Изменить стиль страницы

С битком набитой черной кожаной сумкой надо вновь пробраться мимо бочки с кислой капустой, подняться по лестнице в две ступеньки на пешеходную дорожку, отфыркиваясь, всплыть на поверхность из царства стирального порошка, квашеной капусты, салатного масла, уксуса и колбас, пройти вдоль стены жилой цитадели, мимо забранной решеткой доски с объявлениями партячейки.

«Друзья природы сообщают: в воскресенье состоится экскурсия в зоопарк в Лайнце, сбор в девять утра у Пороховых ворот, группам экскурсантов свыше десяти человек предоставляется скидка. — Важное сообщение: заседания парт-секции по четвергам в восемь вечера в партийной пивной. В повестке: политучеба, отчет уполномоченных, разное».

Такая доска объявлений — китовая пасть партии; решетка, которой она забрана, — своего рода китовый намордник.
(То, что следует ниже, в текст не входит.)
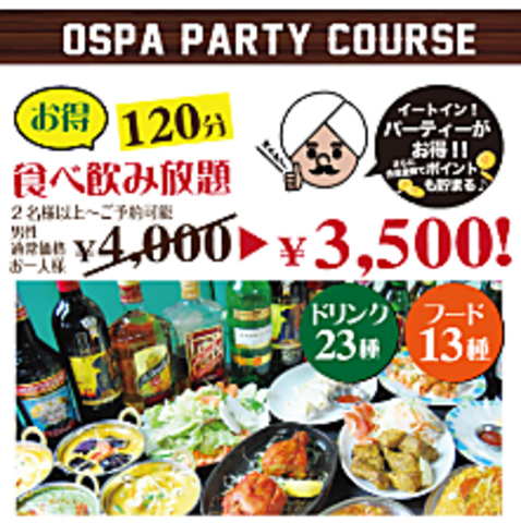 食べ放題のコースあります。お得な食べ放題コースです♪ 120分制/フード13種類/ドリンク23種類 ※Ospaクーポンとの併用はできません。 ※2名様以上よりご注文可能です。 ※こちらはイートイン(店内ご飲食)での ご予約メニューとなります。 ※10名様以上のご予約は人数選択×数量にてご予約可能です。
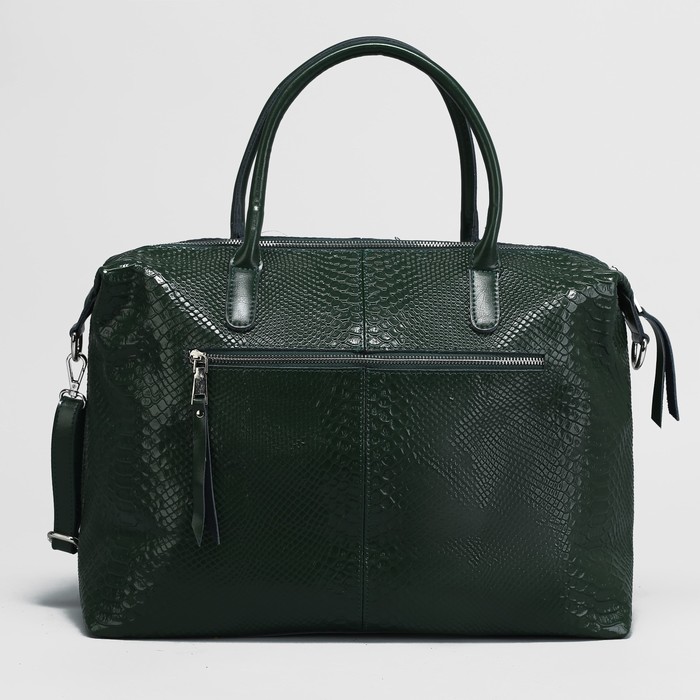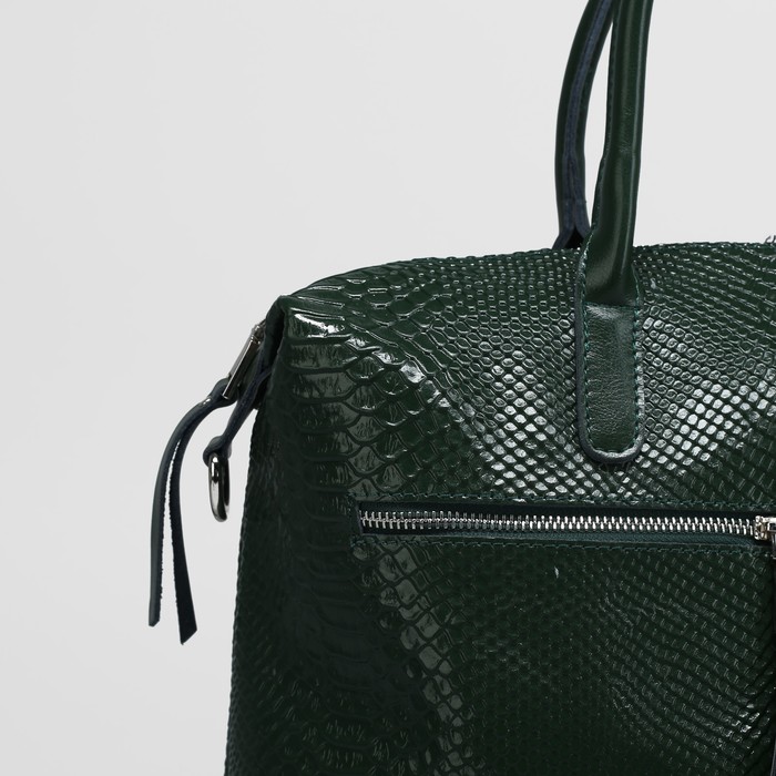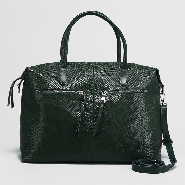 Сумка женская на молнии, 1 отдел, 3 наружных кармана, длинный ремень, цвет зелёный
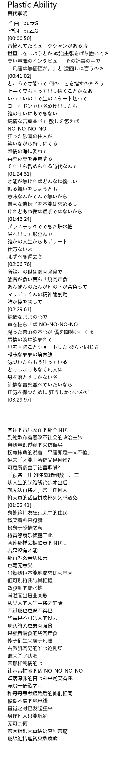 | [00:43.85] | ところで才能って 何のことを指すのだろう |
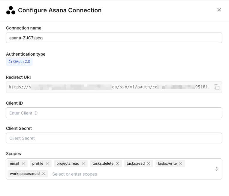 Section titled “Set up the agent connector”Register your Scalekit environment with the Asana connector so Scalekit handles the authentication flow and token lifecycle for you. The connection name you create will be used to identify and invoke the connection programmatically. Then complete the configuration in your application as follows:
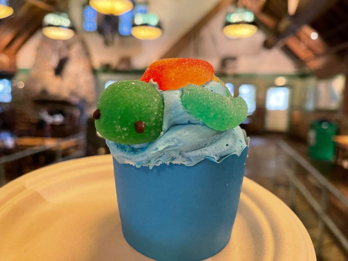 The key-lime sea turtle cupcake features an adorable gummy sea turtle riding the frosting wave.
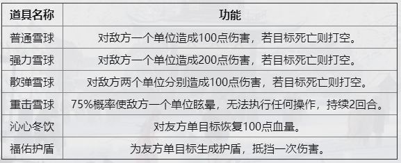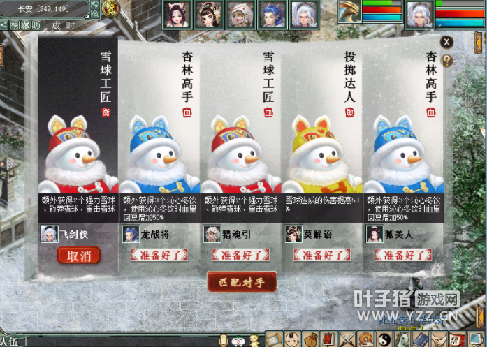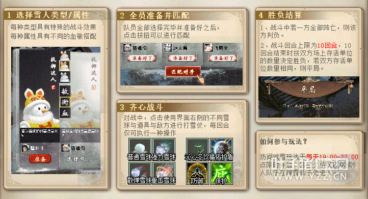 限时·坊间戏雪 活动时间 2022年12月15日-2022年12月28日 周一至周五的每晚19:00-22:00 参与条件 5人组队,角色等级≥未转30级,时间宠≥10级 活动背景 雪落长安,欣喜至极,快与好友组队一起打雪仗吧! 活动场景 长安 活动流程 冬季活动开启时的周一至周五,每晚19:00-22:00,坊间戏雪活动限时开放。 三界少侠可5人组队前往长安瑞雪仙子处(246,147),选择坊间戏雪进入玩法界面。 队伍内每位成员自由选择要变身成的雪人类型与雪人属性。每种雪人类型具有不同的战斗效果,每种雪人属性也各有特色,合理搭配方可克敌。 队员全部选择完毕并准备好后,可以点击匹配按钮,匹配对手。 进入战斗后,各位少侠可使用界面右侧的不同雪球与道具与敌方进行打雪仗(每回合仅可执行一种操作)。 每种雪人至少拥有99个普通雪球、1个强力雪球、1个散弹雪球、1个重击雪球、3个沁心冬饮、1个福佑护盾。 战斗中若一方全部阵亡,则该方判负。 战斗回合上限为10回合,10回合结束时按双方存活单位数量决定胜负。若双方存活数量相同,则平局。 雪人类型 雪人属性 敏:拥有较高的敏捷,较低的根骨,适合先发制人。 衡:拥有中等的敏捷,中等的根骨,适合稳扎稳打。 血:拥有较低的敏捷,较高的根骨,适合后发制人。 道具说明 活动奖励 1、每日前三次对战时可获得经验奖励,获胜可获物品奖励,三次对战后无奖励。 2、累积获胜40次,可获得功绩雪仗高手(若2021年元旦活动已获得此功绩则无法再次获得)。 物品奖励包括 |
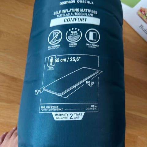 Självuppblåsande liggunderlag från Kayoba i grönt. Rullas ihop med rem och har ventil i ena änden för enkel uppblåsning.
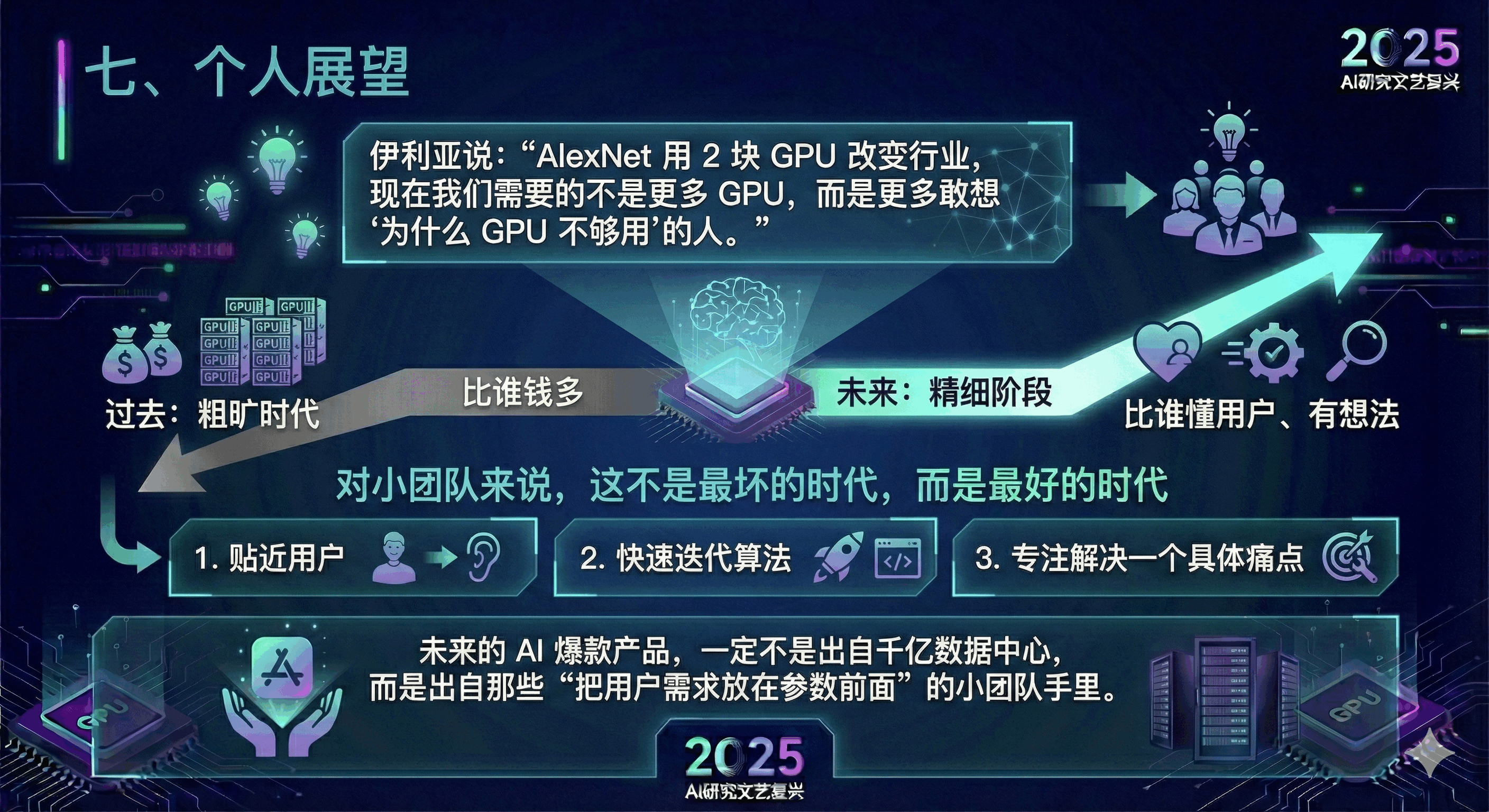 伊利亚说:“AlexNet 用 2 块 GPU 改变行业,现在我们需要的不是更多 GPU,而是更多敢想‘为什么 GPU 不够用’的人。” 这句话点醒了我:AI 行业终于告别了 “比谁钱多” 的粗旷时代,回到了 “比谁懂用户、有想法” 的精细阶段。

Через этот намордник просачивается лишь самая мелкая рыбка, а крупные рыбы из партийного руководства, щуки-философы, тигровые акулы марксизма, свободомыслящие сомы, макроэкономический угорь, — все они остаются в глубоких водах центрального комитета, и здесь им искать просто нечего. Нагруженная покупками Соседка, во всяком случае, не удостаивает доску для объявлений и взглядом. Проходит мимо нее, сворачивает за угол, даже не вспомнив про эту основательно подчищенную цензурой пасть, и входит в первый же тамошний магазин, в табачную лавку.

Эта лавочка, тоже обосновавшаяся в жилой цитадели, битком набита всякой всячиной, в борьбе за выживание излишней, однако жизнь рабочему человеку все-таки скрашивающей: ароматические, медленно тлеющие палочки сигарет, превращающиеся в голубой дымок, который выпускает из ноздрей Шмёльцер, читая передовицу партийной газеты; виргинские сигары в фиолетовых коробках, соблазнительно проступающие сквозь целлофановое окошечко в упаковке.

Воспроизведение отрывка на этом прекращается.